La question qui se pose ici est donc toute légitime : pourquoi des soldats d’Armées africaines quand envoyées sur des fronts d’opération dans leur propre pays, prennent la fuite sans combat, ou alors 'se reposent' alors qu’ils sont dans un champ volcanique ? Pour ce qui est du Cameroun, cette question est d’autant plus lancinante que les soldats sont les seuls qui durant toute la longueur du renouveau, n’ont jamais manqué leur solde, ont des augmentations salariales quotidienne, tandis que le BIR, la milice présidentielle, émarge d’ailleurs directement aux sources pétrolières de la SNH. Qu’est-ce qui arrive aux armées africaines – et à l’Armée nationale camerounaise – pour qu’elles soient si nulles ? Nous avons devant nous les Armées nationales de Côte d’ivoire, de la RCA, transformées en milices, et bien avant, celle du Congo-Brazzaville, et surtout du Zaïre. Que se passe-t-il donc en Francophonie pour que nos pays soient si peu défendus, que les populations, abandonnées par des armées sommeilleuses au front, sont soulagées quand les soldats français viennent à la rescousse ? Les Camerounais devraient regarder avec beaucoup d’attention la situation malienne, tout comme celle en RCA, mais comme nous savons, cloitrés dans l’immanence qui est la philosophie dominante chez nous, très peu se donneront la peine. Et pourtant, voilà : des questions aussi simples que, quelle est la composition tribale des milices présidentielles qui sont les plus payées, expliqueraient pourquoi l’Armée, sous payée et sous équipée, ne pourrait que dormir au front, car pourquoi risquer sa vie quand l’on n’a pas les armes nécessaires ? Quant au BIR, même si souhaité, ne s’écrasera-t-il pas devant la barrière tribale qui le sépare de la population, dans laquelle, en contre partie les terroristes se meuvent sans effort ? 
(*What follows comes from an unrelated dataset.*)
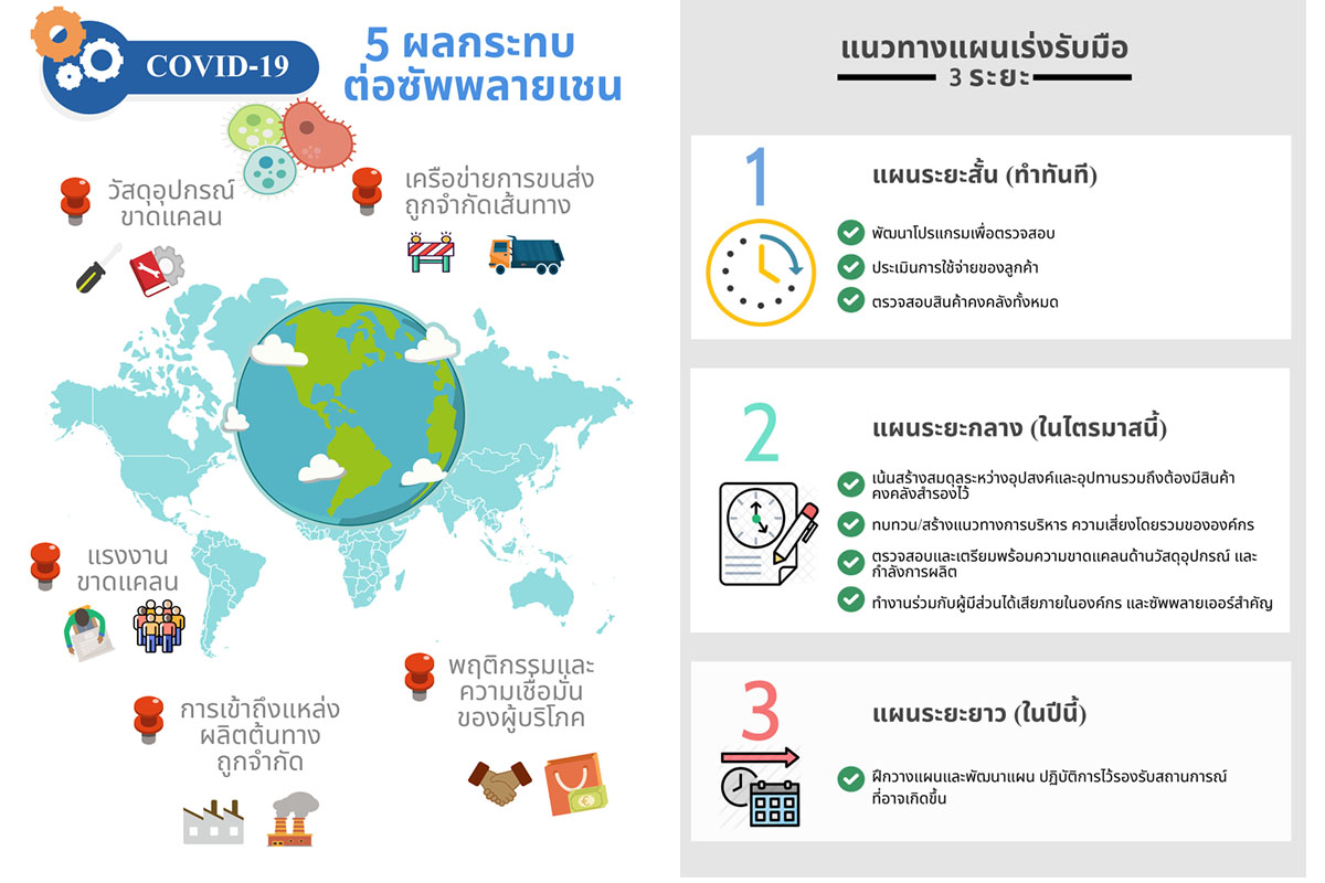 จากการที่โรคติดเชื้อไวรัสโคโรนาระบาด และแพร่กระจายอย่างรวดเร็วยิ่งกว่าการระบาดโรคซาร์สในปี 2546 ผู้จัดการด้านซัพพลายเชนจะต้องชะลอการปรับตัว และวางแผนรับมือกับเหตุการณ์ที่จะเกิดขึ้นในอนาคต

Partir au Nord est, et cela n’a sans doute pas changé, toujours considéré pour les travailleurs sudistes, comme une forme de sanction disciplinaire. Une Armée nationale qui, héritière des purges d’après le 6 avril 1984, des chasses aux Nordistes, et des exécutions de masse du 1 mai 1984, montre une image hégémonique sudiste, peut-elle retourner en sa faveur une situation de conflit localisée au Nord ? Des témoignages parviennent de voyageurs qui traversent le Septentrion sur des kilomètres sans rencontrer de soldats, et ce, dans des régions qui avant 1984, portaient en elles la structure fondamentale de l’Armée nationale camerounaise. Le transvalsement des forces nationales de notre pays selon le principe de l’axe Nord/Sud après 1984 n’a-t-il pas programmé notre Armée nationale pour la défaite ? S’il est un moment où le tribalisme d’Etat ne devient plus seulement criminel, mais une haute trahison, c’est bien celui-ci. 

Mais encore plus, mener la guerre dans le dos du peuple ne peut qu’être catastrophique : le président de la république du Cameroun, avant de déclarer la ‘guerre totale’ à Paris, a-t-il songé un seul instant que le peuple camerounais qui est inclus dans sa ‘totalité’-là, est représenté par l’Assemblée nationale ? A-t-il pensé que le Sénat avait – même si pour acclamation – son mot à dire ? A-t-il cru un seul moment qu’il était nécessaire pour lui, pour la première fois d’entrer dans une Mosquée à Yaoundé par exemple – comme le faisait son prédécesseur –, afin de montrer la distinction entre le terrorisme de la foi, et la foi islamique dans sa pratique quotidienne qui est celle de millions de nos compatriotes? La guerre totale dans laquelle le Cameroun s’est jeté au final concerne trop peu de Camerounais, et encore moins des soldats qui ainsi naturellement au front dorment. La situation malienne se rapproche de nous.